The proposal, as noted, would only be effective between EU Member States, not between one Member State and another non-EU jurisdiction or between non-EU jurisdictions.  The EU has been a strong proponent in leading global best practices in the post-BEPS environment.  Therefore, global consistency of the EU approach is also encouraged, especially by countries having no such dispute mechanism.  

Additionally, other  countries’ need to rethink sovereignty arguments in trying to evade / negate the effect that such transparent measures would have on their ability to address local tax practices.  

 

 

 

 

 

 

TFEU: Tool for EU Directives

The European Commission (EC) and European Parliament (EP), including the TAXE Committee on Rulings established by the EP, have recently endorsed many provisions that would normally require the unanimity of approval by the Member States.  Knowing this has not resulted in success with prior initiatives, a renewed focus may be taking place re: Article 116 of the Treaty on the Functioning of the European Union (TFEU) which empowers the EC/EP to issue a Directive accordingly.

Article 116 TFEU:

Where the Commission finds that a difference between the provisions laid down by law, regulation or administrative action in Member Sates  is distorting the conditions of competition in the internal market and that the resultant distortion needs to be eliminated, it shall consult the Member States concerned.
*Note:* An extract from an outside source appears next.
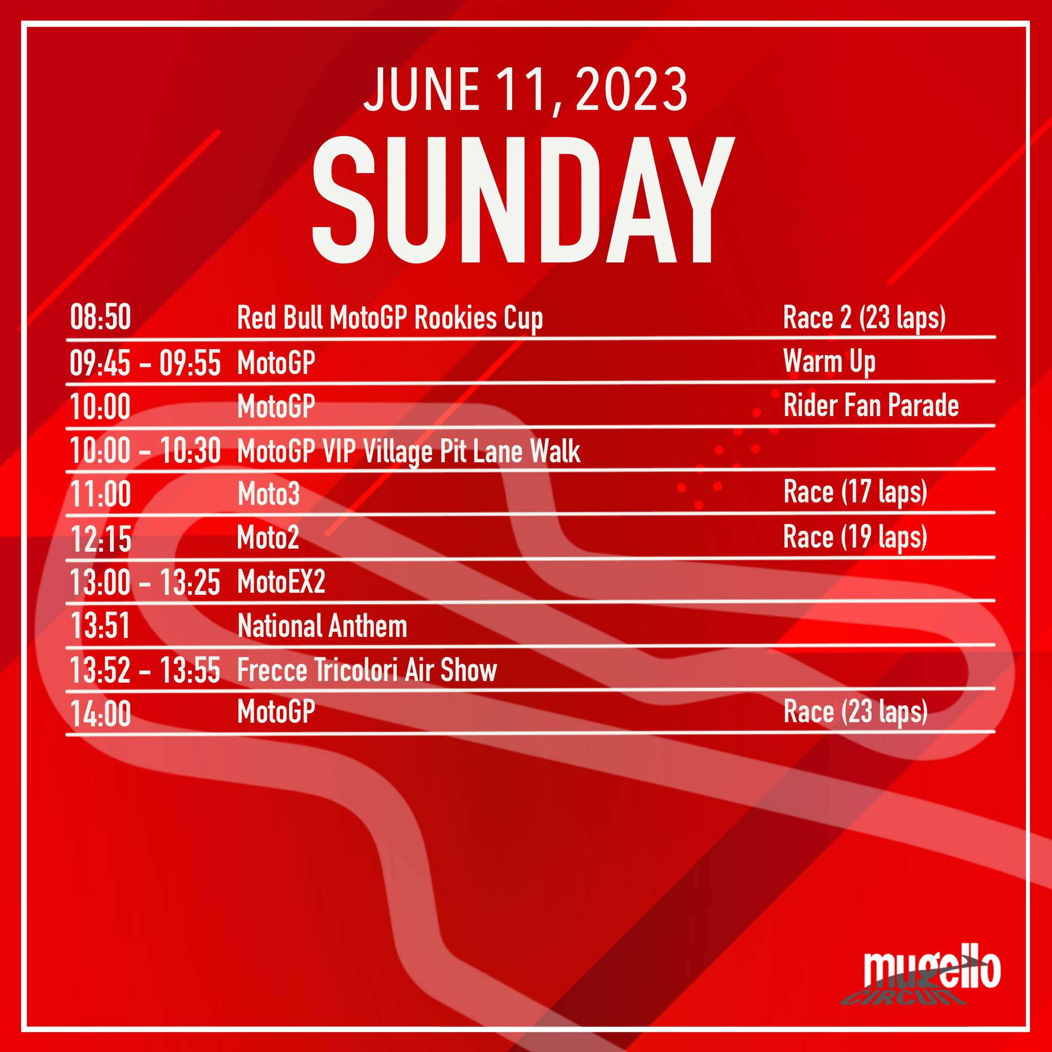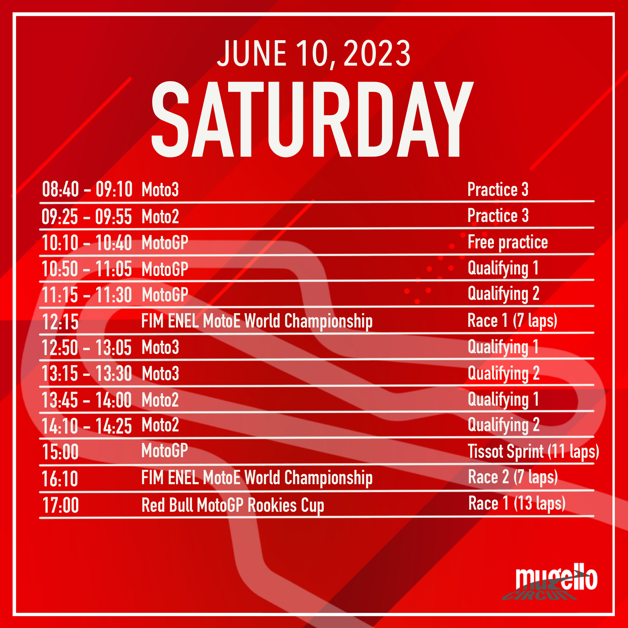 Tanti gli appuntamenti a partire dalla Sprint Race alle 15:00, a seguire l’incontro con i piloti sul palco del Correntaio e DJ Set con Hell Raton. Per gli amanti del calcio sarà possibile seguire la Finale di Champions League sui maxi schermi e poi ancora il Mugello ballerà per scaldare l’atmosfera in vista della gara, saliranno in consolle: Simone Quai, Alex The Voice, Geo From Hell e si chiuderà in bellezza con le note di DJ Ralf! Al Mugello tutto è possibile!

If such consultation does not result in an agreement eliminating the distortion in question, the EP and the EC, acting in accordance with the ordinary legislative procedure, shall issue the necessary directives.  Any other appropriate measures provided for in the Treaties may be adopted.

 

The TFEU is the same legal mechanism used to address State Aid, and may also be the choice of implementation to establish Directives for one or more of the following initiatives:

  • EU Common Corporate Tax Base (CCTB)
  • Country-by-Country (CbC) reporting, public disclosure
  • Tax rulings, (redacted) public disclosure
  • Permanent Establishment (PE) definition
  • Anti-BEPS Directive, transforming OECD “soft law” into an EU legislative framework
  • Interest & Royalty Directive requiring confirmation of EU tax being paid elsewhere
  • EU Dispute Resolution approach

Everyone should monitor the EC, EP and TAXE for continuing developments, as they may form the basis for new global standards to enact the intent of BEPS initiatives.